Are you one of the 99% represented by those participating in Occupy Wall Street?

  • Yes (50%, 20 Votes)
  • No (50%, 20 Votes)

Total Voters: 40

Those scorned by Wall Street before, during and after the financial crisis of 2008 have taken to the streets in a bi-coastal (and now very international) protest known as Occupy Wall Street (OWS). Although the media has zeroed in on their efforts, the OWS mob is mostly disorganized and has yet to send a clear message to their rentier oppressors. Their unofficial mantra — “We are the 99%” — heaps criticism on the wealth disparity between the top 1% of the population and everyone else.

first tuesday take: Readers, your time has come. The OWS movement is long overdue, but it does not matter at this point whether this particular protest will succeed since one eventually will. Time is very much on its side. A financial revolution will eventually erupt once the public is given enough information. The 99% know something at the top is wrong.

It is time for the trade union of organized brokers — the California Association of Realtors (CAR) — to get off their cell phones and choose their side. The real estate and construction trade unions are to be admonished for not quickly involving themselves in a movement that encapsulates every frustration of those negative equity homeowners they claim the special right to serve.

The insolvency of 2.5 million underwater homeowners in California is a direct result of Wall Street’s avarice; compounded by an unregulated competitive advantage allowing lenders to marshal personal wealth with no regard for how their conduct impacts a real estate industry they do not understand. Wall Street lenders and mortgage bundlers created the Millennium Boom — knowing full well the financial crisis of 2008 was impending — by capitalizing on homeowner ignorance about economics. [For information regarding the asymmetry of information between lender and homeowner, see the June 2011 first tuesday article, Closing the real estate information gap.]

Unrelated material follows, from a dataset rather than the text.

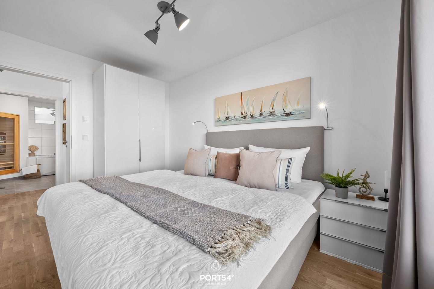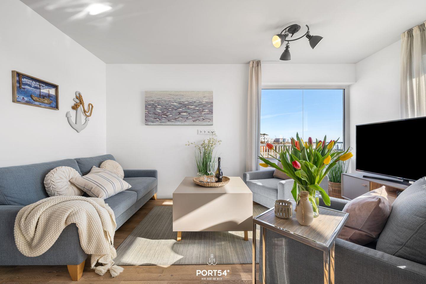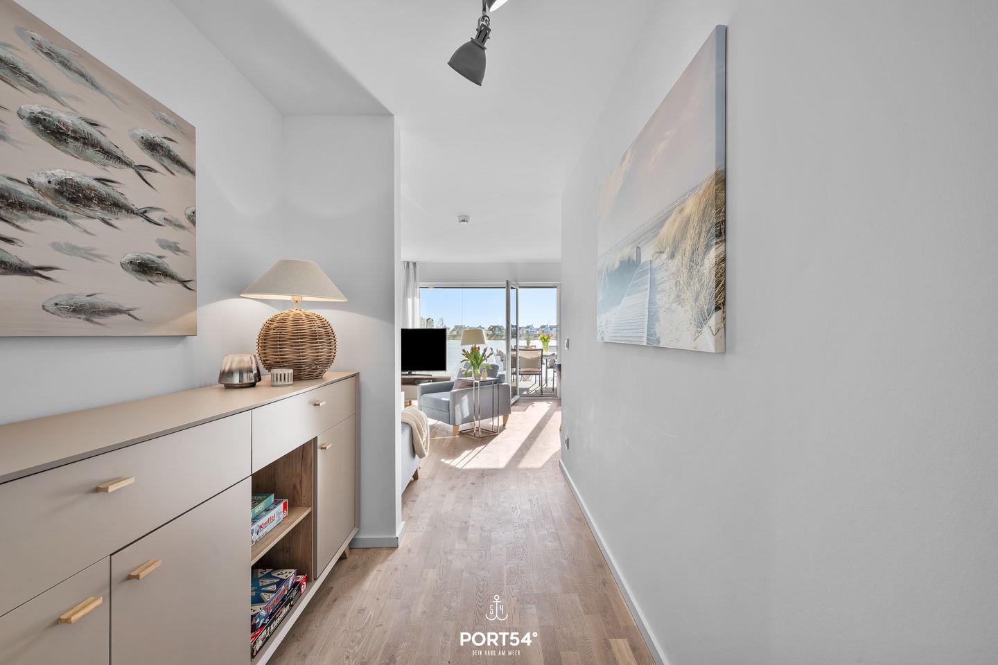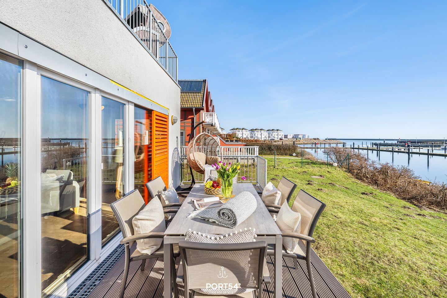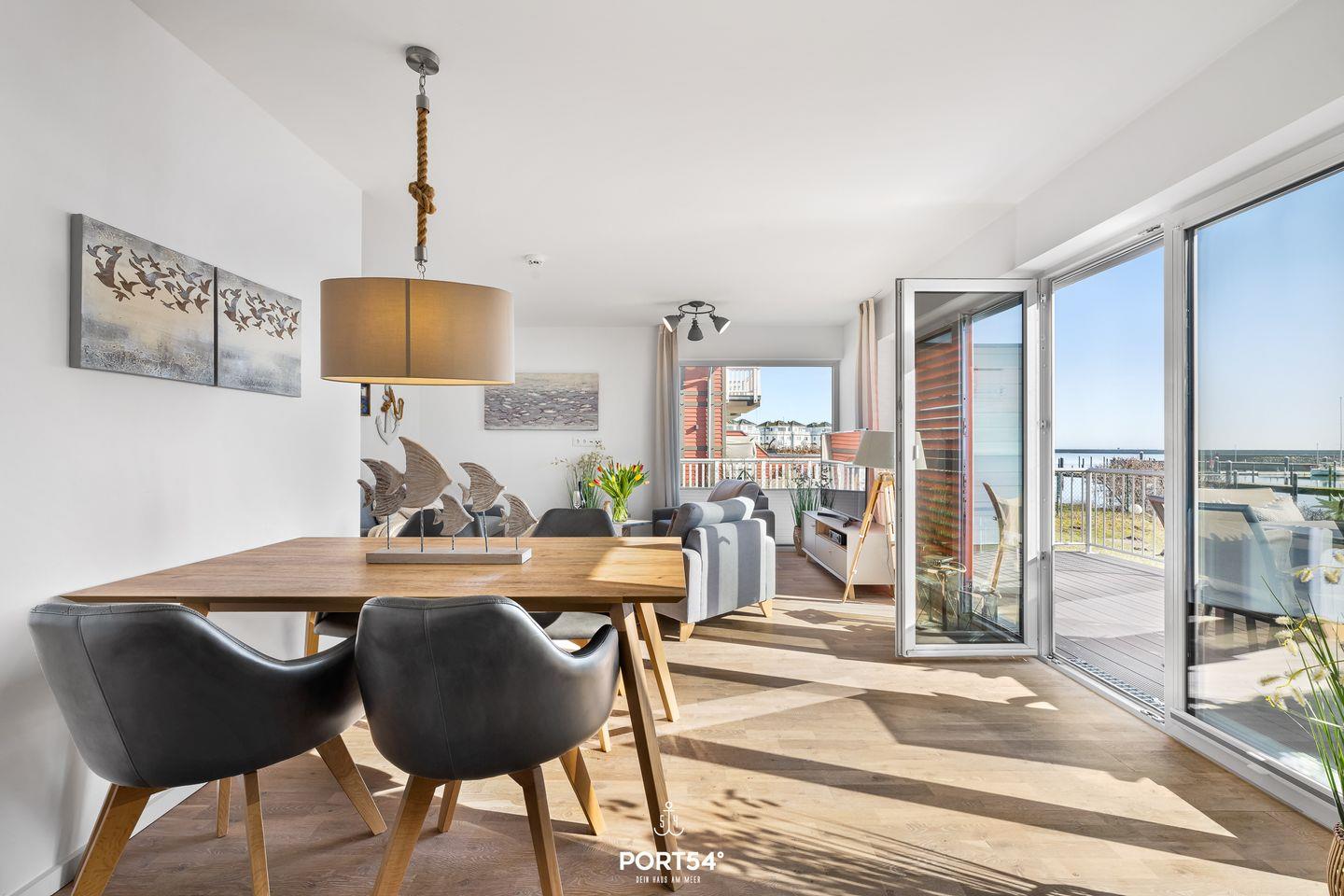 Die Ferienwohnung "Landungsbrücke 28" bietet Platz für bis zu sechs Personen und überzeugt mit einer hochwertigen Ausstattung. Eine eigene Sauna, Terrasse, moderne Küche, WLAN und ein privater Parkplatz sorgen für höchsten Komfort. Dank der Lage mit fantastischem Meerblick ist sie der ideale Rückzugsort für Familien und Erholungssuchende.

Lenders have been allowed to run rampant as bullish Wall Street bankers infiltrate all parts of government, including the White House and Federal Reserve. Now, as the OWS group clamors for a redistribution of wealth, they aim their rhetorical pitchforks at both lenders and the government. They need the support of trade unions — who claim to have plenty of money for peddling influence — to manifest into one united movement with the power to affect change.

The public has plenty of time to get angry. As we now stand on the cusp of this swelling uprising, we estimate 20% of the public at this early stage in the demonstrations intellectually supports the cause of OWS. Note that the operative word is “intellectually”.

But just as in the year leading up to the impeachment of Nixon, the opinions of the people will be swayed by exposure to the facts. One year from now, when 80% of the public demand change on Wall Street, those on the sidelines will be embarrassed it took them so long to climb on board.

Brokers and agents, for the sake of your clientele, don’t wait that year.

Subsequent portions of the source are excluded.